*Exercise details*: Retype only what runs from the first line of the records to the line with "Add the finishing", inclusive, and no pictures.

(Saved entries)

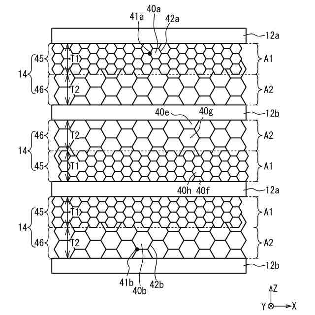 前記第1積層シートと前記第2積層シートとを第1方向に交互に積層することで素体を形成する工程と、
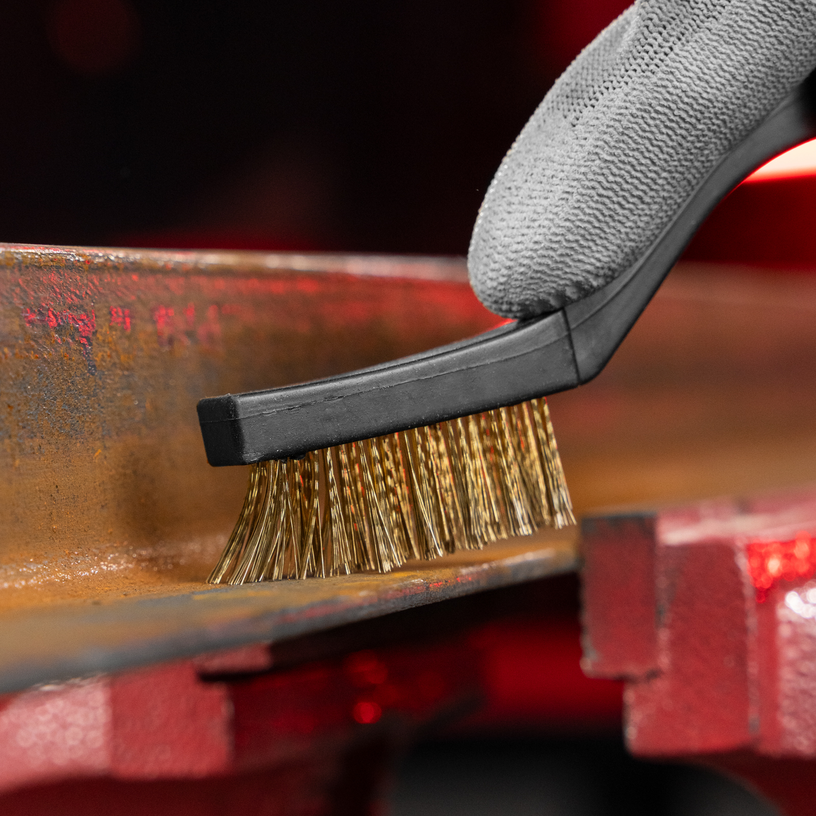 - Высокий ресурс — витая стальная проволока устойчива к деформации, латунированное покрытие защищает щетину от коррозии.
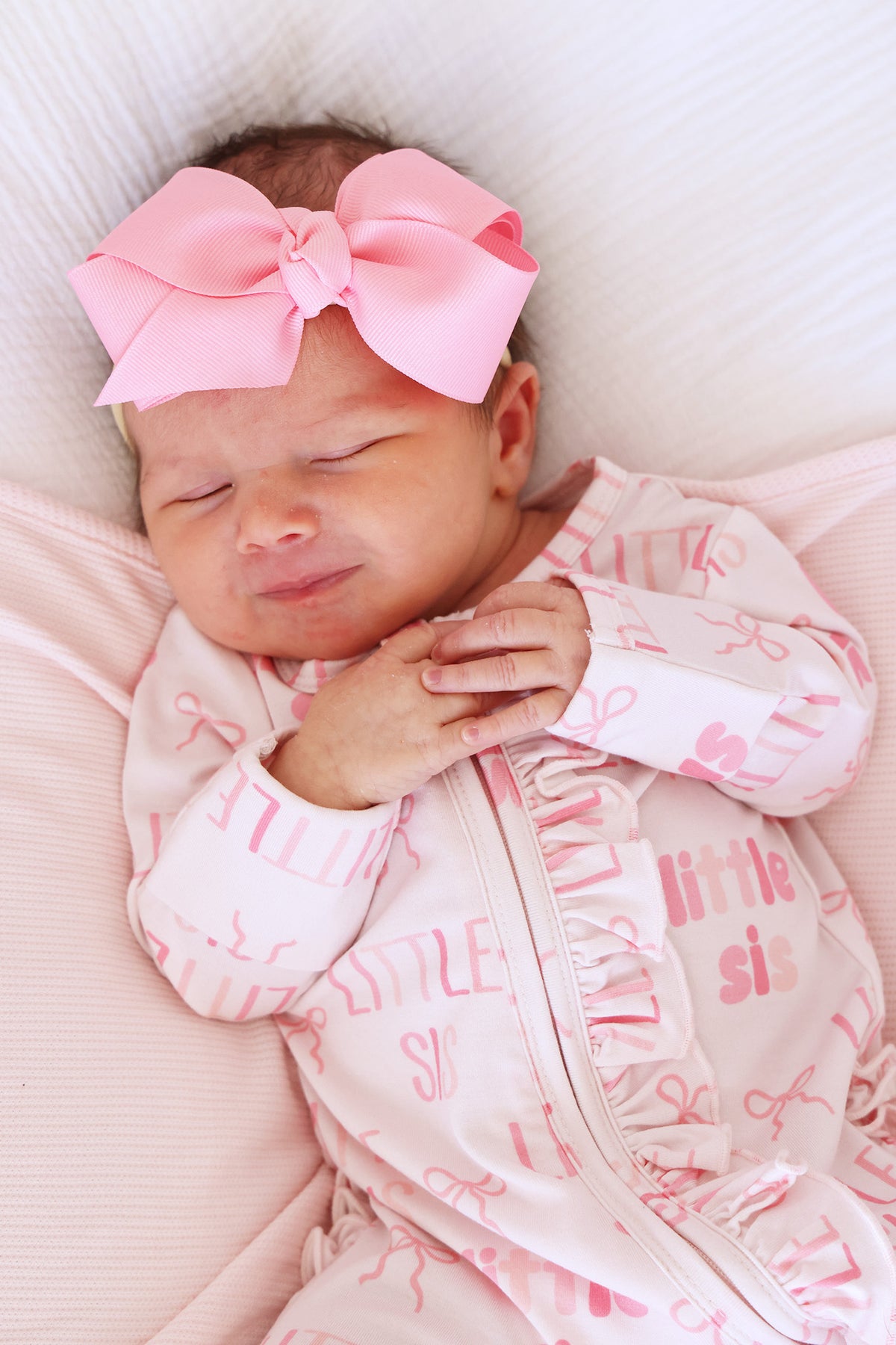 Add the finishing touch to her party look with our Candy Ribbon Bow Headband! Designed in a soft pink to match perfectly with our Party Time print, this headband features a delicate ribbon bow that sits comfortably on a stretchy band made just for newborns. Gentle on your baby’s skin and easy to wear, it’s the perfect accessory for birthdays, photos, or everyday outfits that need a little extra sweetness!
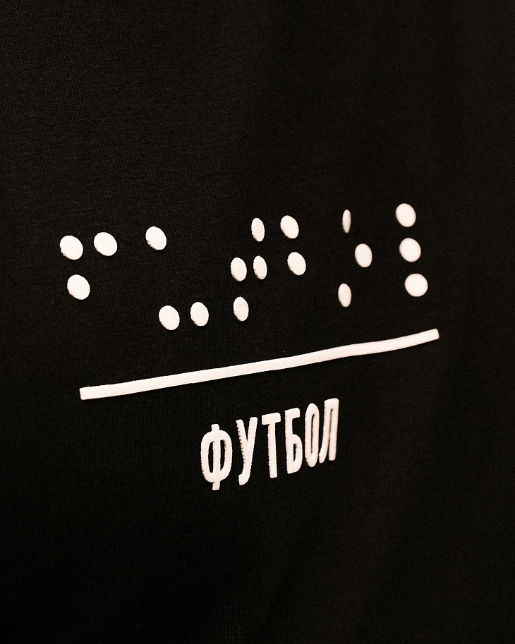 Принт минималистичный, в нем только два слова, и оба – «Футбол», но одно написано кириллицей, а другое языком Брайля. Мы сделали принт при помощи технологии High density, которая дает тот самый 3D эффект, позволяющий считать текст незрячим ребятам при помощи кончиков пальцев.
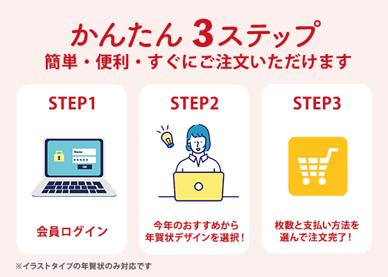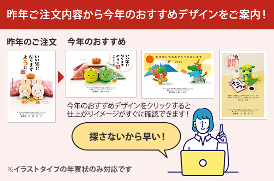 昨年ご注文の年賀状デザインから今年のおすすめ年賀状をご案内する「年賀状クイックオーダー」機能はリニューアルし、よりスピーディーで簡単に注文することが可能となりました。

*Written response*:
 前記第1積層シートと前記第2積層シートとを第1方向に交互に積層することで素体を形成する工程と、
 - Высокий ресурс — витая стальная проволока устойчива к деформации, латунированное покрытие защищает щетину от коррозии.
 Add the finishing touch to her party look with our Candy Ribbon Bow Headband! Designed in a soft pink to match perfectly with our Party Time print, this headband features a delicate ribbon bow that sits comfortably on a stretchy band made just for newborns. Gentle on your baby’s skin and easy to wear, it’s the perfect accessory for birthdays, photos, or everyday outfits that need a little extra sweetness!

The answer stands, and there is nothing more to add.